Es ist immer wieder faszinierend, den Gläubigen zuzusehen, während sie ihre Rituale vollziehen, wie sie Blumen, Kerzen, Räucherstäbchen und Wasser opfern.

Scharen von Frauen fegen jeden Tag den Marmorboden für ein besseres Karma im nächsten Leben. Auch Männer und Kinder beteiligen sich öfter daran.

Kinder üben das Fegen des Marmorbodens

Die Shwedagon Pagode ist für mich das beeindruckendste Heiligtum, das ich je gesehen habe. Mehr als ein Dutzend Male habe ich sie besucht und bin immer wieder aufs neue fasziniert und entdecke ständig Neues.
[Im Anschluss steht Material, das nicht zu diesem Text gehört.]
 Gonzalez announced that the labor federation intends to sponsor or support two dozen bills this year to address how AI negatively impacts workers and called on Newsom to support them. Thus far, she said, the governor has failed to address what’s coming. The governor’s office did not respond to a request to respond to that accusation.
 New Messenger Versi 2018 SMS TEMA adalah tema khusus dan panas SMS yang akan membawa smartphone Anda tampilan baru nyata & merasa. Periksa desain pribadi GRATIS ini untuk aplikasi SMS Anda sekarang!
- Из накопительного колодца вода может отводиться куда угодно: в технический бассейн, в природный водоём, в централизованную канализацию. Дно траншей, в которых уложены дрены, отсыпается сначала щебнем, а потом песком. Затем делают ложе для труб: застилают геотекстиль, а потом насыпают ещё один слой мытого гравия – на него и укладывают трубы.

Der erhabene, aber doch zierlich wirkende Stupa, die vielen kleinen Tempel, Pagoden, Nischen mit Buddha-Figuren, die kunstvollen Holzschnitzereien sowie die tiefgläubigen Menschen, die entweder in Andacht versunken sind oder auf der großen Terrasse mit dem sonnenwarmen Marmorboden in Ruhe wandeln, lassen wohl keinen Besucher unberührt.
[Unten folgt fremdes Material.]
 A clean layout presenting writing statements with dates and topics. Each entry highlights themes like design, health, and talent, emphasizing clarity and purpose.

Besonders abends kann man sich der Magie des weitläufigen Heiligtums kaum entziehen. Es sind unvergessliche Eindrücke, wenn man sieht, wie „das Meer aus Gold“ in den letzten Sonnenstrahlen leuchtet und das Licht dann allmählich immer mehr weicht.
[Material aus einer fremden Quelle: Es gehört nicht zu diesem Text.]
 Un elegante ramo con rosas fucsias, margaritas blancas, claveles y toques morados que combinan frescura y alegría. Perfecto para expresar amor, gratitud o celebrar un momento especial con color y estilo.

Gläubige vor der Shwedagon-Pagode abends

Durch die Einwirkungen von Wind und Wetter müssen an der großen Stupa regelmäßig Renovierungsarbeiten durchgeführt werden. Wir haben alle drei Phasen der Arbeiten erlebt.

Stupa ohne die  Goldplatten, mit denen er normalerweise umkleidet ist

Der Stupa vorläufig mit einer Art Pappe versehen

Der fertige Stupa wieder mit Goldplatten bekleidet

Auch für die birmanische Freiheitsbewegung ist die Shwedagon Pagode eine wichtiger Ort. Den ersten anti-britischen Streik planten Studenten 1920 auf der Plattform der Shwedagon Pagode. Aung San Suu Kyi, die Tochter des einstigen Freiheitskämpfers Bogyoke Aung San, hielt hier 1988 ihre erste Rede.

Südaufgang zur Shwedagon Pagode abends

Für die zutiefst religiösen, freundlichen Menschen hat die Shwedagon Pagode eine enorme Bedeutung, die man sich in anderen Ländern kaum vorstellen kann. Sie ist das „goldene Herz von Myanmar“, wenn die Burmesen „ihre“ Shwedagon Pagode nur noch eingeschränkt besuchen können oder nur von weitem sehen dürfen, könnte dies das „Herz aus dem Takt bringen“. Es ist für uns sehr traurig zu erleben, dass die Liberalisierung und Befreiung von der fast fünfzig Jahre dauernden Herrschaft des Militärs gerade einmal zehn Jahre her ist und dass jetzt bereits wieder die Gefahr einer erneuten Militärdiktatur droht. Ein junger Mann sagte, dass er sich vorkommt „wie ein Vogel, der gerade das Fliegen gelernt hat und dem man jetzt die Flügel stutzt“.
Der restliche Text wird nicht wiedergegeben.